The Cloud Broker
The dictionary defines a “broker” as “a person who functions as an intermediary between two or more parties in negotiating agreements, bargains, or the like.” Almost all of us, at some point in our lives, have utilized the services of a broker. From renting apartments to trading stocks, the role of the broker in facilitating transactions is common. Even nations are not unfamiliar with this term, with the United States having “brokered” peace between Egypt and Israel after the Yom Kippur War in 1973. Now, it seems, cloud computing is also experiencing this phenomenon.
The role of cloud brokering is not new. Back in 2009, IT research giant Gartner had released a report predicting the rise of the phenomenon. “With the evolution of cloud computing, one inescapable reality continues to surface, and that is, as with service-oriented architecture before it, the fact that cloud computing promotes the idea of continuous proliferation of services,” Daryl Plummer, managing vice president and Chief Gartner Fellow had commented. “Unfortunately, using services created by others and ensuring that they’ll work – not only separately, but also together – are complicated tasks, rife with data integration issues, integrity problems and the need for relationship management. Hence the role of brokers to add value to services and to deliver new services built and delivered on top of old services.”
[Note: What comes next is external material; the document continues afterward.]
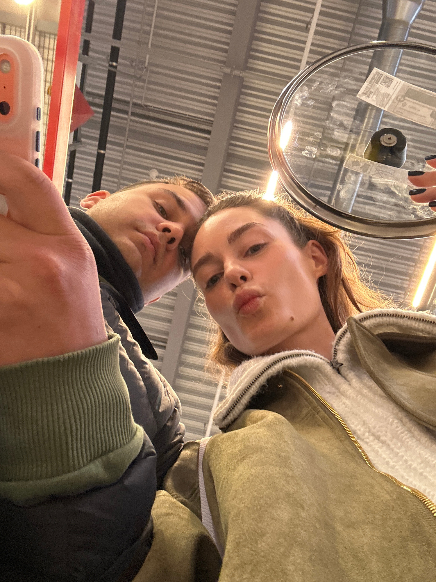 The image shows two individuals taking a selfie in what appears to be a commercial building with an industrial-style ceiling with linear fluorescent lighting. The woman is positioned at the top of the…read more
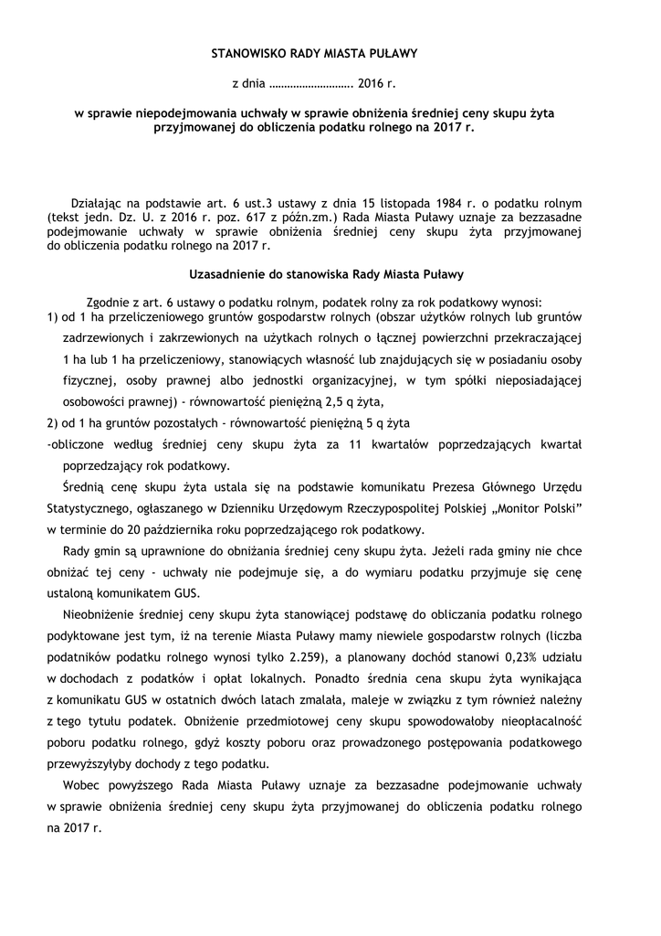 STANOWISKO RADY MIASTA PUŁAWY z dnia ………………………. 2016 r. w sprawie niepodejmowania uchwały w sprawie obniżenia średniej ceny skupu żyta przyjmowanej do obliczenia podatku rolnego na 2017 r. Działając na podstawie art. 6 ust.3 ustawy z dnia 15 listopada 1984 r. o podatku rolnym (tekst jedn. Dz. U. z 2016 r. poz. 617 z późn.zm.) Rada Miasta Puławy uznaje za bezzasadne podejmowanie uchwały w sprawie obniżenia średniej ceny skupu żyta przyjmowanej do obliczenia podatku rolnego na 2017 r. Uzasadnienie do stanowiska Rady Miasta Puławy Zgodnie z art. 6 ustawy o podatku rolnym, podatek rolny za rok podatkowy wynosi: 1) od 1 ha przeliczeniowego gruntów gospodarstw rolnych (obszar użytków rolnych lub gruntów zadrzewionych i zakrzewionych na użytkach rolnych o łącznej powierzchni przekraczającej 1 ha lub 1 ha przeliczeniowy, stanowiących własność lub znajdujących się w posiadaniu osoby fizycznej, osoby prawnej albo jednostki organizacyjnej, w tym spółki nieposiadającej osobowości prawnej) - równowartość pieniężną 2,5 q żyta, 2) od 1 ha gruntów pozostałych - równowartość pieniężną 5 q żyta -obliczone według średniej ceny skupu żyta za 11 kwartałów poprzedzających kwartał poprzedzający rok podatkowy. Średnią cenę skupu żyta ustala się na podstawie komunikatu Prezesa Głównego Urzędu Statystycznego, ogłaszanego w Dzienniku Urzędowym Rzeczypospolitej Polskiej „Monitor Polski” w terminie do 20 października roku poprzedzającego rok podatkowy. Rady gmin są uprawnione do obniżania średniej ceny skupu żyta. Jeżeli rada gminy nie chce obniżać tej ceny - uchwały nie podejmuje się, a do wymiaru podatku przyjmuje się cenę ustaloną komunikatem GUS. Nieobniżenie średniej ceny skupu żyta stanowiącej podstawę do obliczania podatku rolnego podyktowane jest tym, iż na terenie Miasta Puławy mamy niewiele gospodarstw rolnych (liczba podatników podatku rolnego wynosi tylko 2.259), a planowany dochód stanowi 0,23% udziału w dochodach z podatków i opłat lokalnych. Ponadto średnia cena skupu żyta wynikająca z komunikatu GUS w ostatnich dwóch latach zmalała, maleje w związku z tym również należny z tego tytułu podatek. Obniżenie przedmiotowej ceny skupu spowodowałoby nieopłacalność poboru podatku rolnego, gdyż koszty poboru oraz prowadzonego postępowania podatkowego przewyższyłyby dochody z tego podatku. Wobec powyższego Rada Miasta Puławy uznaje za bezzasadne podejmowanie uchwały w sprawie obniżenia średniej ceny skupu żyta przyjmowanej do obliczenia podatku rolnego na 2017 r. UZASADNIENIE do stanowiska rady w sprawie niepodejmowania uchwały w sprawie obniżenia średniej ceny skupu żyta przyjmowanej do obliczenia podatku rolnego na 2017 r. Zgodnie z art. 6 ustawy o podatku rolnym, podatek rolny za rok podatkowy wynosi: 1) od 1 ha przeliczeniowego gruntów gospodarstw rolnych (obszar użytków rolnych lub gruntów zadrzewionych i zakrzewionych na użytkach rolnych o łącznej powierzchni przekraczającej 1 ha lub 1 ha przeliczeniowy, stanowiących własność lub znajdujących się w posiadaniu osoby fizycznej, osoby prawnej albo jednostki organizacyjnej, w tym spółki nieposiadającej osobowości prawnej) - równowartość pieniężną 2,5 q żyta, 2) od 1 ha gruntów pozostałych - równowartość pieniężną 5 q żyta -obliczone według średniej ceny skupu żyta za 11 kwartałów poprzedzających kwartał poprzedzający rok podatkowy. Średnią cenę skupu żyta ustala się na podstawie komunikatu Prezesa Głównego Urzędu Statystycznego, ogłaszanego w Dzienniku Urzędowym Rzeczypospolitej Polskiej „Monitor Polski” w terminie do 20 października roku poprzedzającego rok podatkowy. Średnia cena skupu żyta wynikająca z komunikatu GUS w ostatnich dwóch latach zmalała, maleje w związku z tym również należny z tego tytułu podatek. Wskazane jest, aby propozycja nieobniżania tej ceny poddana została pod obrady rady gminy, dlatego też Prezydent przedkłada propozycję nieobniżania ceny skupu żyta. Jeżeli rada podzieli stanowisko Pana Prezydenta, wówczas zapisuje się je w protokole z sesji rady, ale uchwały o nieobniżaniu ceny żyta nie podejmuje się. Nieobniżenie średniej ceny skupu żyta stanowiącej podstawę do obliczania podatku rolnego podyktowane jest tym, iż na terenie Miasta Puławy mamy niewiele gospodarstw rolnych (liczba podatników podatku rolnego wynosi tylko 2.259), a planowany dochód z tytułu podatku rolnego stanowi 0,23% udziału w dochodach z podatków i opłat lokalnych.

Now, this definitely seems to be a service that can add value. Though the cloud computing industry is still very much in the growth phase, it is no longer a field where a few big players rule the roost. Every other day you hear of some new startup receiving funding, and if you are a business stakeholder, some of these startups may have products that are just right for you. The problem is how to find them with their limited visibility? It’s not only in matching requirements to capabilities that cloud brokers can add value; they can help you get the best deal for your money.
In fact, as David Linthicum wrote in InfoWorld, cloud brokers can adopt two different roles – active and passive. While an active cloud broker “may provide dynamic access to different cloud providers based on cost and performance data, and they could use different cloud providers at different times, based on what best serves their clients,” passive brokers operate mainly by providing information about the best options for a client.
Cloud brokering has also been mentioned earlier on CloudTweaks. From cloud brokers’ ability to combine private and public clouds into relevant hybrid clouds to Verizon’s acquisition of CloudSwitch last year, readers are not alien to the concept.
With the emergence of a greater variety of cloud computing providers and accompanying services, one can expect the number of cloud brokers to increase substantially. However, a client will have to be careful about potential conflicts of interest and ensure that the broker is not taking money from both parties in order to secure a deal.